• Star: Hires came from elite universities, were very well remunerated and given “huge amounts of autonomy.” VC’s tended to be very enamored of “star” culture firms, believing that funding the A-team held the highest promise.
  • Engineer: “This is your stereotypical Silicon Valley startup, with a bunch of anonymous programmers drinking Mountain Dew at their desks; they’re young and hungry and might be stars some day but right now they’re focused on solving technical problems.”
  • Bureacratic: Thick with middle managers, extensive job descriptions, org charts, and handbooks.
  • Autocratic: Close cousin to bureaucratic, but driven by a single person, usually the founder and/or CEO, one of whom reportedly described it thus: “You work. You do what I say. You get paid.”
  • And finally, the Commitment model. Firms where people could, even if most actually did not, work their entire lives. You might think this stodgy-sounding model would be antithetical to the Silicon Valley ethos, but Baron and Hannan found many examples. “Commitment CEOs believe that getting the culture right is more important at first than designing the best product.”

If we overlay Baron & Hannan’s pentagonal model onto Law Land, I suspect we’d find something very much like this:

  • The engineer model is effectively the null set.
  • The bureaucratic model contains almost zero inhabitants and those in this sector tend to have very short life expectancies or to emigrate away.
  • The autocratic model characterizes some young boutiques led by one or at most a very small handful of charismatic founders; their prospects of surviving the wildness of their youth and adolescence is open to question. The half-life of firms in this sector, in other words, is relatively brief. They emigrate away or dissolve when they encounter succession planning.
  • The star model is what many firms either are or desperately aspire to be.
  • And the commitment model finds firms in quite rarefied company; it’s antithetical to lawyers’ powerful autonomy-seeking instincts, and requires profound and unwavering commitment to a “firm first” faith and mentality.

Baron and Hannan followed their start-ups for a decade. So what happened?

In short, about half ceased to exist, but a few of the other half became enormously successful: Perhaps no earth-shattering surprise here. What they weren’t expecting was how powerfully the management style correlated with success—even after correcting for all sorts of other presumably germane variables such as company age, size, access to VC funding, senior executive turnover, and the macro-economy.

As you’d expect, the star model produced some of the biggest winners: Putting all the smartest people in the room could indeed produce outsize results. But stars also failed in record numbers, and were #5 out of all five styles in making it to an IPO. (The professors’ hypothesis, which seems valid, is that star firms can succumb to infighting because everyone wants to be the star.)

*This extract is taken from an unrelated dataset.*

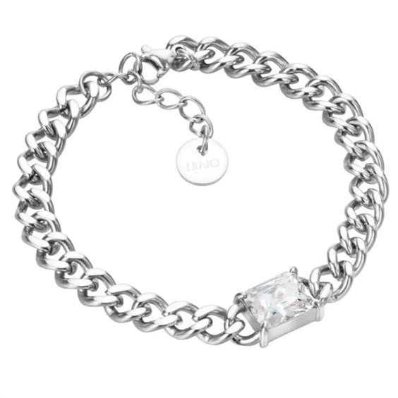 Bracciale da donna di Liu Jo della collezione Essential realizzato in acciaio color silver modello a catena lunghezza regolabile da 17 cm a 19 cm, con zircone di colore bianco, Chiusura con moschettone. Materiale Acciaio

Another of the five models, amazingly, outperformed every other management style in almost every way that mattered. Firms following this style, among other things:

  • were fastest to get to their IPO;
  • had the highest profitability ratios;
  • by and large were leaner, with fewer layers of management and fewer managers at each layer—committed, long-term staff generally excel at being self-starters and self-directed, and they’ve internalized what the firm’s about and where it should be going;
  • wasted less time on internal rivalries and internecine competition, because the firm’s interest trumped personal agendas;
  • and were more committed to and more closely in touch with their customers, which served both to provide superior service and to act as highly attuned antennae sensitive to impending shifts in the market.

OK, OK, I won’t prolong the suspense: These were the commitment firms.